Provided material
────

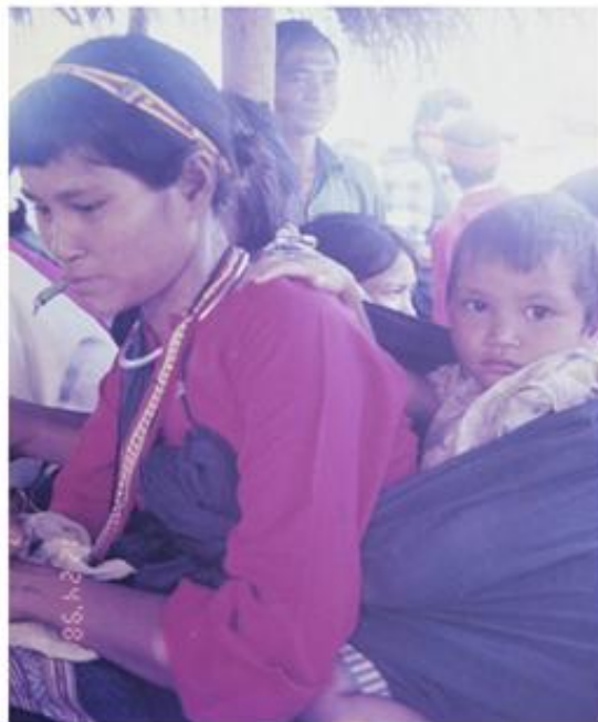
Tục điệu con của dân tộc Stiêng

Chồng chết, vợ cắt tóc ngắn; vợ chết, chồng cạo trọc hàm ý để tang. Ba ngày sau, gia đình người quá cố cúng mở cửa mã là lễ cúng cuối cùng (do chịu ảnh hưởng phong tục một số dân tộc anh em). Người Stiêng không cúng giỗ hàng năm. Chỉ khi nào gia đình có người đau ốm, đi coi bói, thấy nói do ông bà
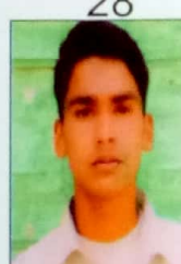
महावीर आर्य राजस्थान सरकार
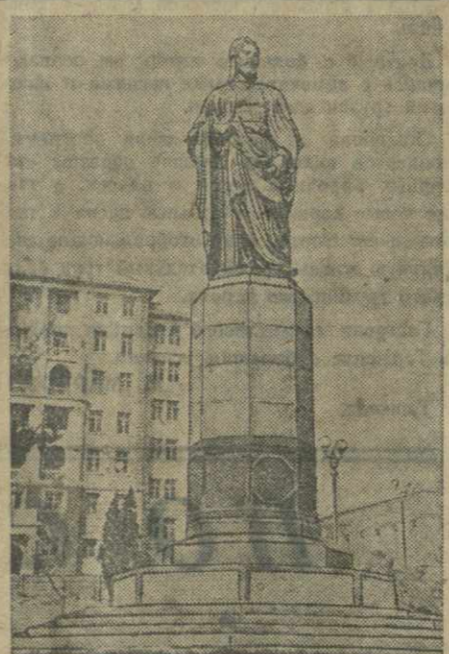
Баку. Памятник азербайджанскому поэту-мыслителю Низами Гянджеви.

Недавно в Армении вступил в строй Туманянский завод огнеупоров. Предприятие оснащено передовой техникой. Почти все производственные процессы механизированы. Сырьевые ресурсы Туманянского завода значительны и пригодны как для производства огнеупоров, так и для керамической промышленности. С пуском нового завода промышленность как Армении, так и Грузии и Азербайджана будет полностью обеспечена высококачественными огнеупорами.
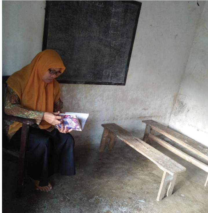
GAMBAR 2.1 Wawancara Dengan Tokoh Agama
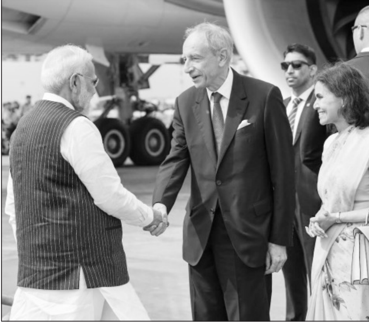
বৃহবার পোলায়ত পৌছেছেন প্রধানমন্ত্রী নরেন্দ্র মোদী। ওয়ারস মিলিটারি বিমানবন্দরে তাঁকে স্বাগত জানানো হচ্ছে।
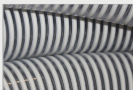
Tuyau Ø32 100926 pour 111169 Tuyau Ø40 100938 pour 110807 Tuyau Ø50 100947 pour 980011
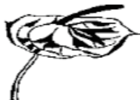
Flor pasada de corte

La maduración de la flor empieza a notarse en el espádice; su color intenso se mueve hacia adelante; este estado es visible en forma de pequeñas manchas, además el color del espádice cambia gradualmente de abajo hacia arriba; la flor usualmente puede ser cortada cuando el espádice tiene un 75% de este, (de igual manera un tip también es medir la parte verde o la punta del espádice con la falange distal de nuestro índice).
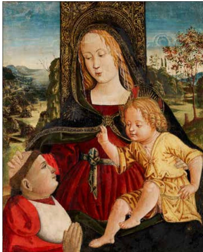
Bellissimo! Italienische Meisterwerke wie die aus dem Umfeld Pinturicchios stammende „Madonna mit Kind“ sind ab Mai 2024 im Augustinermuseum zu sehen.

Die Sanierung in Altenburg ist für Freiburg eine einzigartige Gelegenheit, Kunstwerke der Thüringer in gleich zwei hochkarätigen Ausstellungsprojekten in Freiburg zu zeigen. Das Augustinermuseum zeigt in „Bellissimo!“ italienische Meisterwerke vom Mittelalter bis zur Renaissance. Und das Museum für Neue Kunst präsentiert in Anlehnung an den gleichnamigen Spielfilm von Charlie Chaplin in „Mo-
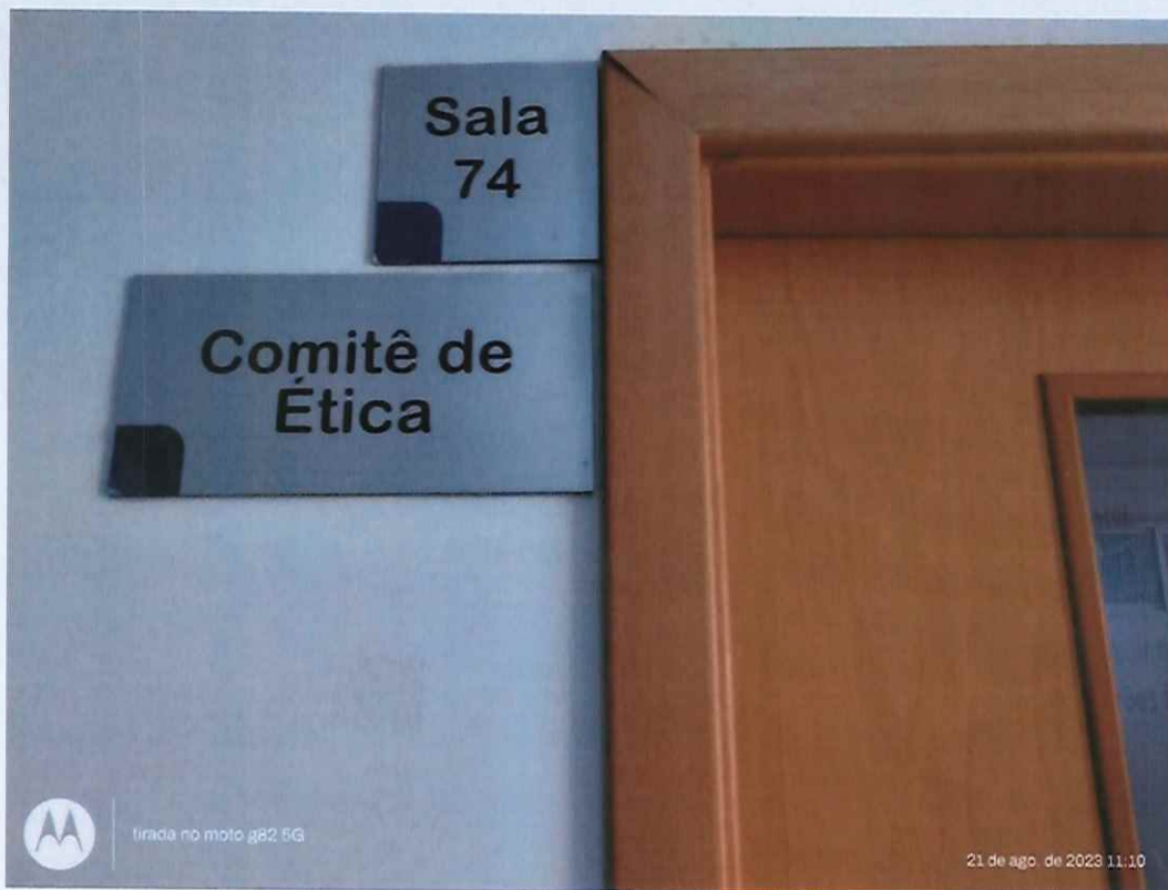
Figura 5: Porta de acesso, à sala 74, do CEP
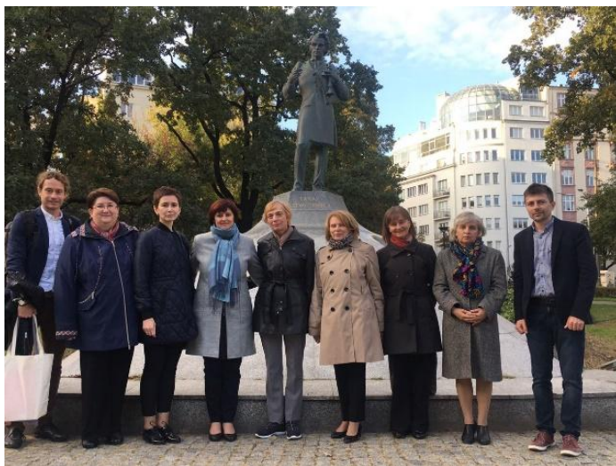
Uczestnicy konferencji.
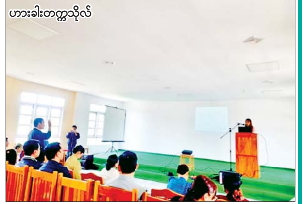
ဟားခါးတက္ကသိုလ်
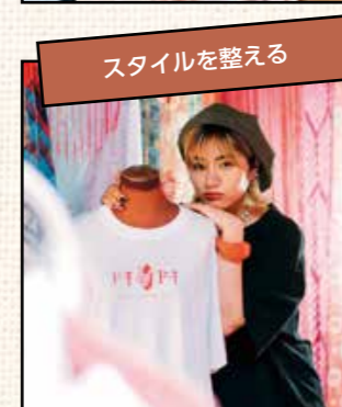
スタイルを整える
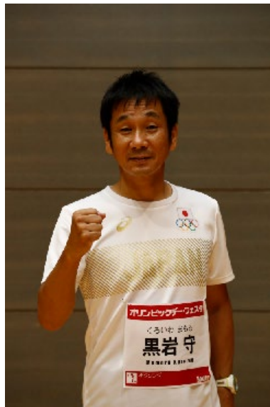
黒岩守 (ボクシング)
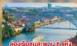
ล่องเรือชมสะพาน 6 แห่ง ในคูร์เมืองปอร์โต
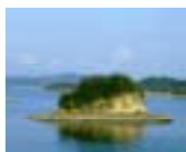
うとあまくさ 宇土天草地域 (天草松島)
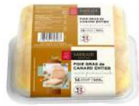
PRODUITS FRAIS FOIE GRAS CANARD ENTIER MI CUIT FRANCAIS AU POIVRE 500 G SARRAD
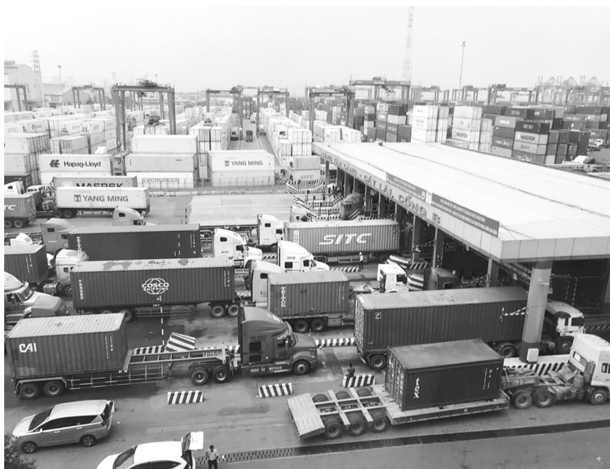
● Hàng hóa ra vào cảng Cát Lái, Tổng Công ty Tân cảng Sài Gòn.
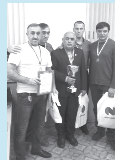
Соревнования по русским шашкам в зачёт 58-й спартакиады «Норникеля» состоялись с 14 сентября по 13 октября. Сборная команда «Ремонтник-1» (первая группа) заняла 1-е место, «Ремонтник-3» (вторая группа) — 2-е место. Поздравляем победителей и призёров! Желаем дальнейших успехов и новых побед!

────

Brief
Copy word for word the span of the records above that begins at the line with "Chồng chết, vợ" and ends at the line with "Баку. Памятник азербайджанскому", including those two lines but not the pictures.

Solved problem
Chồng chết, vợ cắt tóc ngắn; vợ chết, chồng cạo trọc hàm ý để tang. Ba ngày sau, gia đình người quá cố cúng mở cửa mã là lễ cúng cuối cùng (do chịu ảnh hưởng phong tục một số dân tộc anh em). Người Stiêng không cúng giỗ hàng năm. Chỉ khi nào gia đình có người đau ốm, đi coi bói, thấy nói do ông bà
महावीर आर्य राजस्थान सरकार
Баку. Памятник азербайджанскому поэту-мыслителю Низами Гянджеви.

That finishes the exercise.